2. **Creating a Sweep**:

   - Choose a configuration file corresponding to the RL model of your choice from the `algorithms/sweep_configs/hp_sweeps` directory.
   - Create a hyperparameter sweep project by running:
     ```bash
     wandb sweep --project EpiCare [CONFIG FILE]
     ```
   - This command initializes the project on W&B and outputs instructions for launching agent instances.

3. **Running the Sweep**:

   - Execute the provided command in one or multiple instances (across different machines if necessary) to start the hyperparameter optimization process.
   - Monitor the progress and results on the W&B web dashboard.

4. **Selecting Hyperparameters**:
   - You may choose the optimal hyperparameters manually from the dashboard or utilize the defaults found in our algorithms, which are based on comprehensive testing as detailed in the paper corresponding to this repository.

### Training Models

With the hyperparameters set, you can proceed to train the models. EpiCare's framework allows you to queue the training of multiple replicates across multiple environment seeds using a single command by way of another sweep process.

- For each configuration in `algorithms/sweep_configs/all_data_sweeps`, initiate a sweep with:
  ```bash
  wandb sweep --project EpiCare [CONFIG FILE]
  ```
- Follow the resulting instructions to launch agents to train your selected model.
- Model checkpoints are saved periodically throughout training runs in the `algorithms/checkpoints` directory

To customize hyperparameters beyond the defaults for a given model, update the configuration files.

### Data-Restricted Training

EpiCare offers functionality for training under data-restricted scenarios. This feature focuses on the first environment seed and varies the number of training episodes (though in principle the experiment could be run for any environment seed of your choosing). Configuration files for the three best-performing models are located in `algorithms/sweep_configs/data_restriction_sweeps`. Checkpoints for these runs are saved in the `algorithms/checkpoints` directory.

### Evaluating Models After Training

To evaluate the final checkpoint of each run, simply run `python algorithms/awac.py evaluate`, and the evaluation results will be output to `results/awac_results.csv`.

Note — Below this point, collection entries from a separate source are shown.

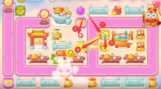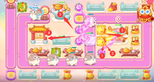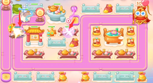 4、开完右侧之后开左侧的格子,放置刚好够清完怪的炮塔,可以留钱看看桃子在哪出来在哪边放置炮塔。
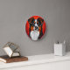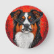 Tête de chien sur fond circulaire rouge audacieux. Le chien présente des marques distinctives avec une fourrure noire, marron et blanche, et des yeux orange saisissants, lui donnant un air expressif et captivant.
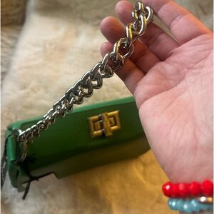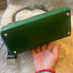 Viola Castellani Leather Shoulder Bag Green with Chain Made In Italy

These instructions work for all other algorithms provided simply by swapping out the algorithm name in the commands (i.e. subbing `edac.py` instead of `awac.py`).

### Final Analysis

In the `figures` directory we have included a jupyter notebook with examples for how we analyzed our results and produced most of the figures found in our paper. After running all full-data and data restriction trials as described above, this notebook allows you to reproduce the main results of the paper.

The python packages required to run `figures.ipynb` are included in `requirements.txt`. To install, run `pip install -f requirements.txt` while in the `figures` directory.